欢迎书友访问2027小说网
首页箭头乱臣贼子_一兜薯饼箭头 第8页

第8页

    他瞅了一眼李长策跑远的背影,好奇低声问了一句,“大人,这孩子学得如何?”


    魏聿接过茶盘上的茶盏,抿了一口,“不算太蠢。”


    曹平了然。


    那就是寻常人中非常好的意思了。


    曹平伴随魏聿这么多年,知道“不算太蠢”从魏聿嘴里说出来,已经是相当高的评价了。


    当年崔灵佑在书斋里被折磨了整整两年,也只得过魏聿的一句勉强能看。


    李长策抱着书回到西厢,关上门,坐在桌边打开最上面那本《大学》,翻开第一页。


    他盯着那些字,盯了好一会儿,发现自己一个字都看不进去。


    脑子里全是魏聿讲课时曾说的一句话,“你知道我从哪里学到的谋算之道吗?”


    李长策当时没有回答。


    魏聿自己答了。


    “从死人身上。从那些修堤修死了的河工身上,从那些吃赈灾粮吃死了的灾民身上,从我在工地上眼看着塌下来的房梁下头压着的百姓身上。”


    李长策深吸一口气,把脑子里的杂念甩掉,重新把目光落在书页上。


    读。拼了命也要读完。


    当天夜里,李长策做了一个梦。


    梦里他又回到了永州,站在那片废墟里。


    房子塌得很彻底,土墙全碎了,房梁断成好几截横在地上,碎瓦片和泥块堆了半人高。

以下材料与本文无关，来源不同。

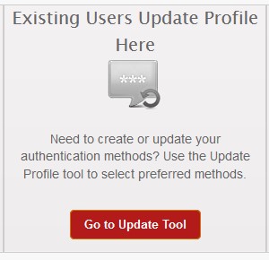 From the Self-Service Portal, select the Go to Update Tool button found in the box Existing Users Update Profile Here.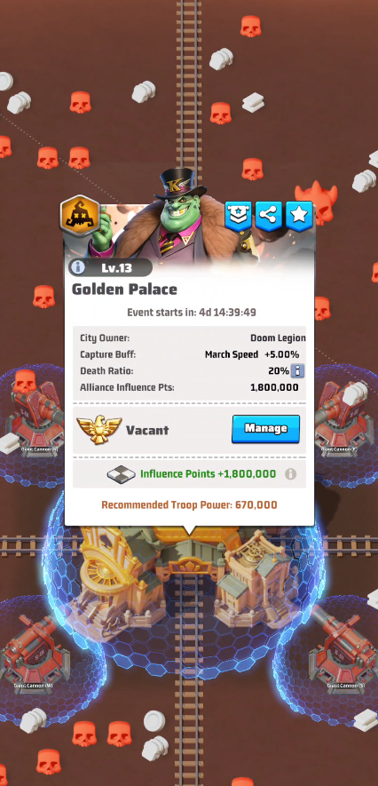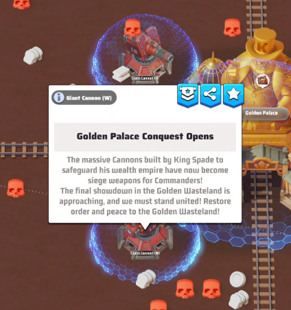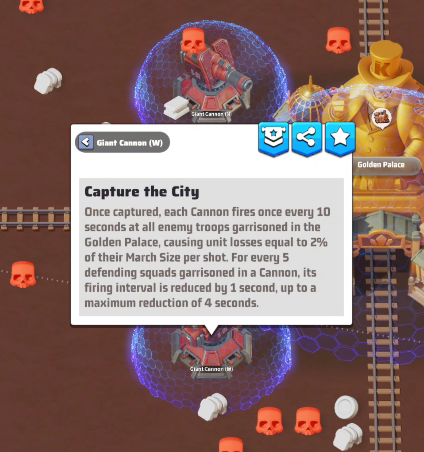 - Controlling a Cannon grants different effects: if your Alliance controls the Golden Palace, the Mega Cannon boosts your Alliance’s capture speed. If nat, the Cannon will automatically attack the garrisoned units inside the Golden Palace.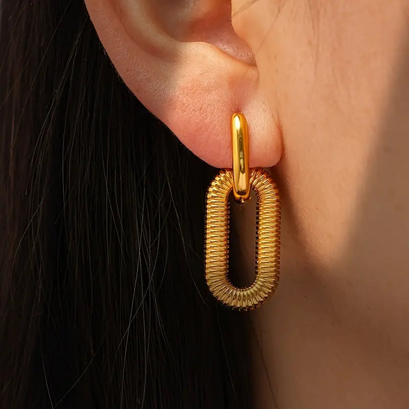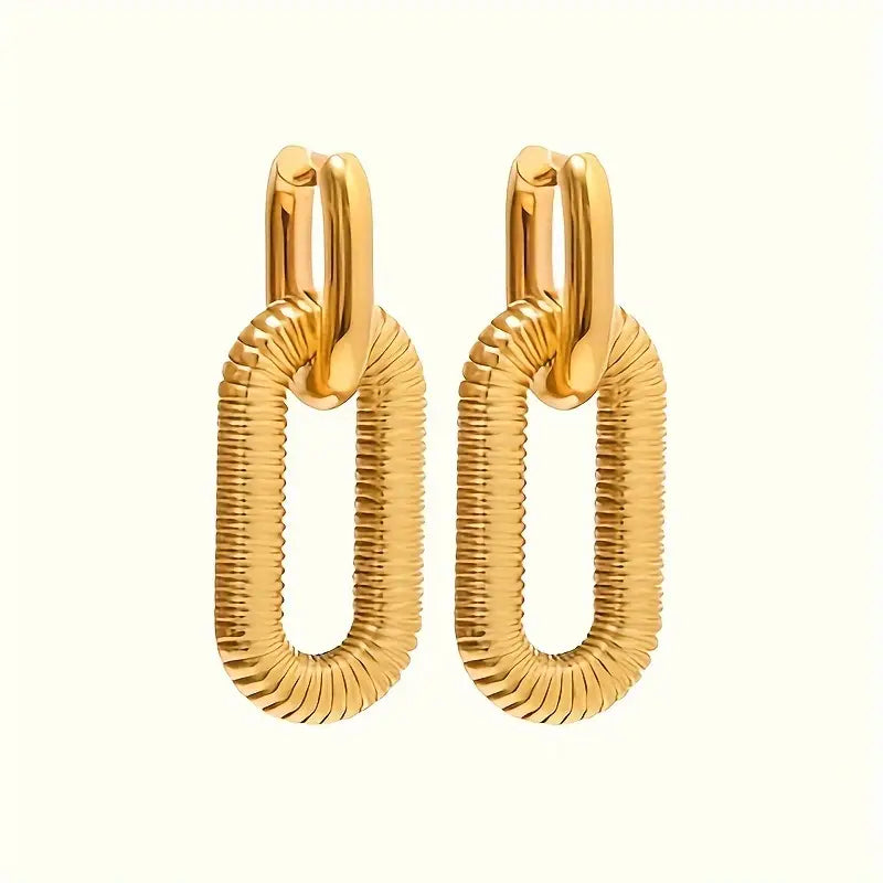 Style: These geometric dangle earrings feature elongated oval shapes with clean lines and modern elegance. Their lightweight design and minimalist silhouette make them a versatile statement for day or night. Material: Crafted from high-quality gold-plated stainless steel for a polished finish and long-lasting wear. Size: 1.3 x 3.0 cm / 0.51 x 1.18 in

    他站在那里,看着那些人从废墟底下往外刨尸体。


    刨出来一个,是个老太太,再刨出来一个,是个半大的孩子,然后他看见了自己。


    梦里的自己蹲在废墟上,双手刨废墟刨得全是泥和血,但眼睛是干的,一滴眼泪都没有。


    旁边有人说话,说那些当官的不得好死,说住在玉京城里的那些人个个都该死。


    然后画面一转,他站在乌麟巷魏府的门口。


    魏聿坐在书房里,抬头看着他,问他,“你来杀我?打算怎么杀?”


    李长策说,“用刀子。”


    魏聿又问,“捅哪里?”


    李长策说,“心口。”


    魏聿笑了,说,“那你得先把我的本事都学会,我死了,谁来教你?”


    李长策猛地睁开了眼睛。


    头顶是西厢的房梁,窗外有灰蒙蒙的天光透过窗纸渗进来。


    他躺在床上喘了几口气,伸手摸了一把额头,全是冷汗。


    他掀开被子坐起来,发现昨晚看了一半的书还摊在小桌上,蜡台里的蜡烛已经燃尽了,只剩一滩凝固的蜡泪。


    天还没全亮,院子里已经有了动静。


    李长策下了床,披上外袍推门出去,看见一个小厮正从廊下走过。


    “李公子起这么早?”小厮停下脚步。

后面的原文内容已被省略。